Deferred tax assets attributable to tax loss carry-forwards have been capitalised to the extent it has been estimated these can be used against future taxable profits. Total deferred tax assets of SEK 4.0 million (17.0) comprise tax loss carryforwards of SEK 16.2 million in Vitrolife Inc (USA) which has been capitalised. The decrease compared to last year is mainly related to Vitrolife A/S (Denmark) where the previous tax losses have been fully utilised in 2018.

Tax loss carry-forwards attributable to HertArt Aps (Denmark) amounted to SEK 3.5 million (5.3) at the closing date. No deferred tax assets were taken into consideration, since these loss carry-forwards are subject to a degree of uncertainty regarding the extent to which they can be used in the future.

Under existing regulations, all loss carry-forwards have no expiry date. However, all loss carry-forwards are subject to restrictions with regard to the proportion

of the loss carry-forward that can be used to offset taxable profits in respective years. Of the Group total tax loss carry-forwards 94% is valued as deferred tax assets.
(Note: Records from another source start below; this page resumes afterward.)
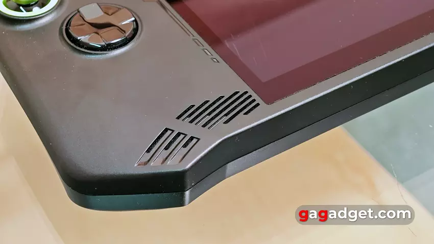 Unten, an den Seiten des Displays, befinden sich die eingebauten Stereolautsprecher. Diese Position ist sehr gelungen: Während des Spiels ist es unmöglich, sie mit den Handflächen zu verdecken.
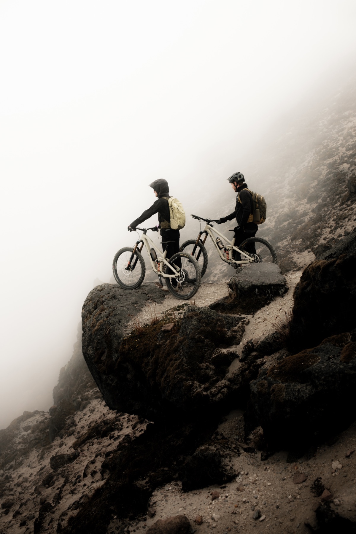 Gut, dass der „Holy Ridge“ am nächsten Tag vor allem durch seinen gutmütigen Character uns beeindruckende Landschaft und nicht durch seine exponierte Lage besticht. Doch von vorne… Die Anden haben sind beim Zusammenprall zweier tektonischer Platten aufgefaltet und dabei sind etliche Vulkane entstanden. 18 der 55 Vulkane in Ecuador sind immer noch aktiv, darunter auch der 5.897m hohe Cotopaxi. Den vergletscherten Gipfel erreichen wir mit unseren Bikes natürlich nicht, doch bis auf eine beachtliche Höhe von 4.600 Meter können wir durch die mondartige Flanke des Berges mit dem Bus fahren. Vom Parkplatz aus surfen wir durch einen riesigen Schotterhang in unwirtlicher Kulisse und tauchen einige hundert Höhenmeter später in die Wolkendecke ein, wo wir uns auf besagtem „Holy Ridge“, einem flowigen Trail auf einem grasbewachsenen Rücken wiederfinden.
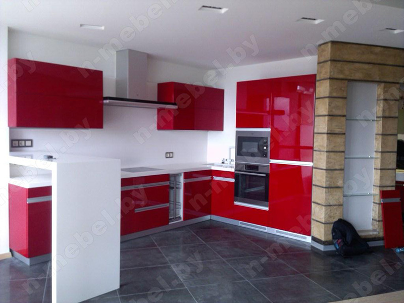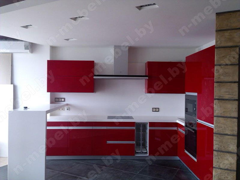 Кухня с ярко-красным глянцевым фасадом наполнит ваш дом новыми красками. Поверхность широкой белой столешницы, выполненной из искусственного камня, проста в уходе и защищена от случайных повреждений. Кухня, представленная в современном стиле, для большего комфорта оснащена небольшой стойкой, за которой можно выпить чашку кофе и даже поужинать. За счет надежных механизмов открывания створки шкафов работают плавно и бесшумно.
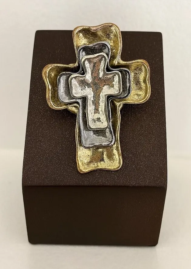 Womens Y2K Vintage Chunky Cross Gold Silver Tone Stretchy Cross Ring Western Great Preowned Condition!! Bundle and Save!! South Western Y2K 2000s Chunky Large Statement Rodeo Cowgirl Faith Religious Edgy

Corporate income tax in Sweden

In june 2018, a new tax proposal on corporate income tax was adopted in Sweden. The new rules will be effective on 1 January 2019 and entail a gradual lowering of corporate income tax from 22.0% to 20.6%. As a consequence, the Group's deferred taxes in Sweden have been revaluated using the new corporate tax rate, which resulted in lower deferred tax assets of SEK 116 thousand.

Note 15 Intangible fixed assets

Accounting policies

Goodwill

Goodwill represents the difference between the cost of the business combination and the fair value of the acquired assets, assumed liabilities and contingent liabilities. Goodwill is measured at cost less any accumulated impairment. In order to test for impairment, goodwill is distributed to each cash-generating unit. A cash-generating unit is the lowest level on which goodwill is followed up in the internal control of the Group. Impairment is tested annually, or more frequent if there are indications of impairment. Expenses for internally generated goodwill are recognised in profit or loss when the cost is incurred.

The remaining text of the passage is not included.